Data provided:

+---+

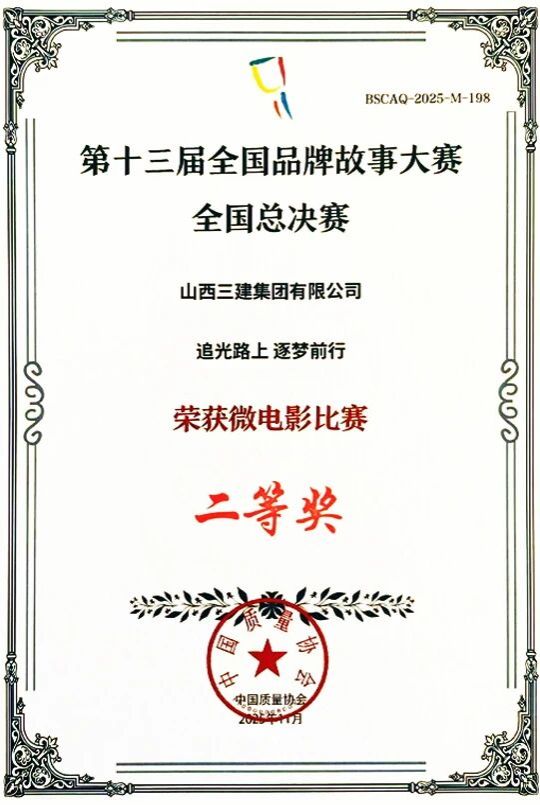 作为贯彻落实《质量强国建设纲要》《关于新时代推进品牌建设的指导意见》的全国性赛事,第十三届全国品牌故事大赛汇聚全国优秀企业力量,旨在宣传展示中国企业全面贯彻新发展理念、坚持高质量可持续发展、发挥品牌引领作用的经验和故事,是彰显企业品牌价值的重要平台,在国内品牌领域具有高度公信力与广泛影响力。大赛包括演讲比赛、征文比赛、微电影比赛和短视频比赛四种形式,包含科技创新、消费升级、卓越质量、责任担当、文化传承、品牌出海六个子主题。经过决赛评选,三建集团《追光路上 逐梦前行》、静态交通公司《出行的幸福感》荣获微电影比赛二等奖,建工集团《远征》荣获微电影比赛三等奖,国际建设集团《这张中赞友好“名片”来自山西造!》荣获征文比赛三等奖。
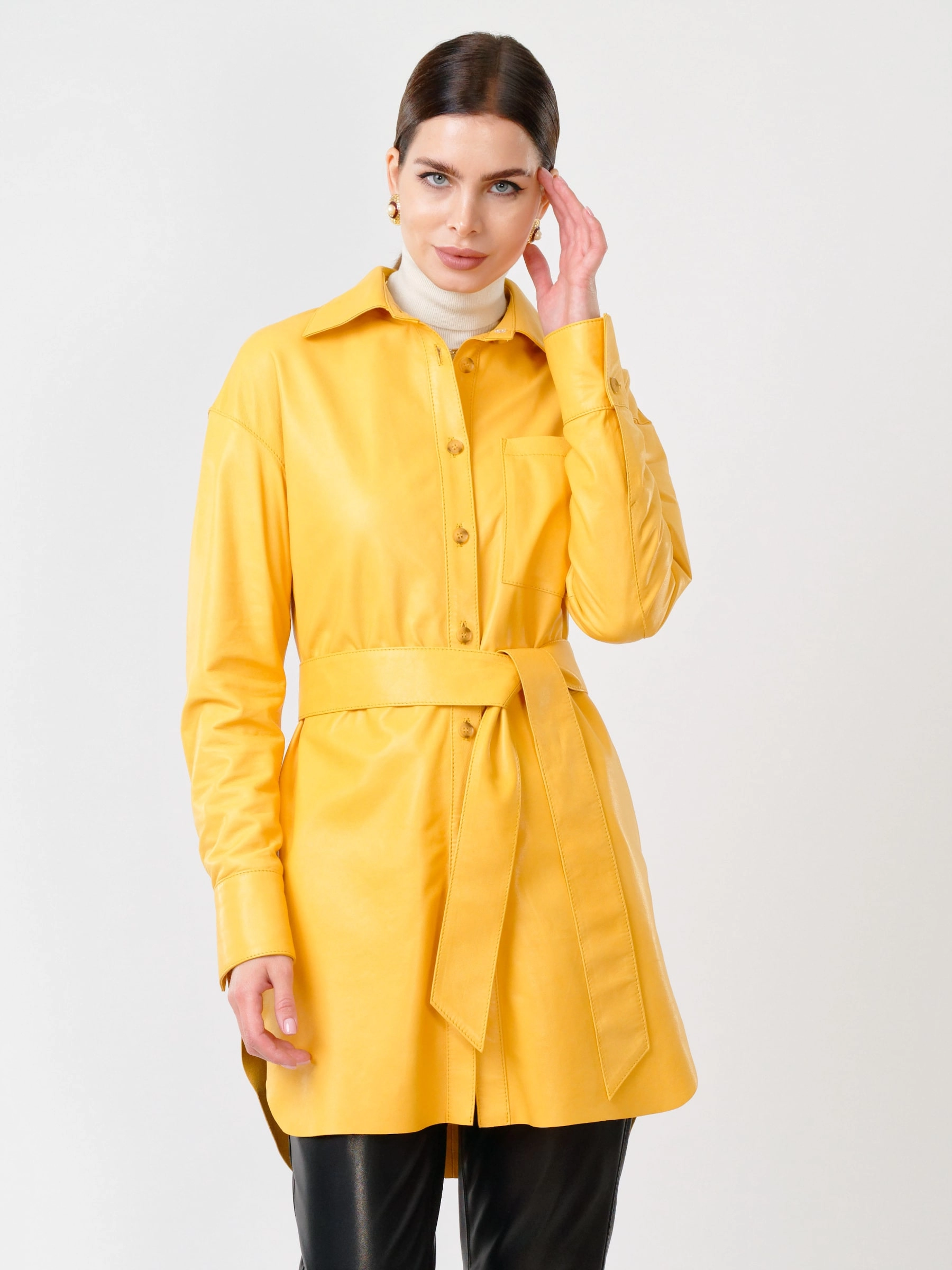 Товар кожаный костюм женский: рубашка 01_1 + брюки 03, желтый/черный, р. 46, арт. 111129. Рассчитан на сезон: весна-лето.
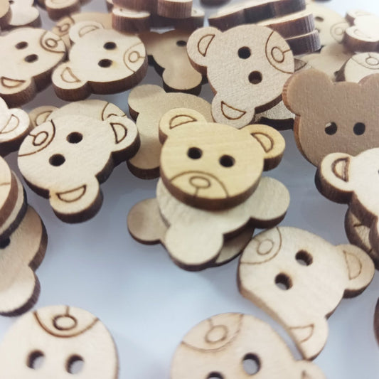50pcs 19mm Teddy Bear Clothing Wooden Buttons 2 Hole Flatback Sewing Brown
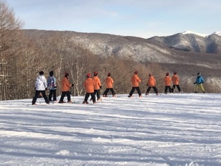 スキー教室を終えて,バスに乗り込みました。宿舎に向かいます。

+---+

Work request: Take the line containing "Товар кожаный костюм" and all lines after it to the end of the data above, and reproduce them exactly, leaving out pictures. Nothing else belongs in the copy.

Exercise result:
 Товар кожаный костюм женский: рубашка 01_1 + брюки 03, желтый/черный, р. 46, арт. 111129. Рассчитан на сезон: весна-лето.
50pcs 19mm Teddy Bear Clothing Wooden Buttons 2 Hole Flatback Sewing Brown
 スキー教室を終えて,バスに乗り込みました。宿舎に向かいます。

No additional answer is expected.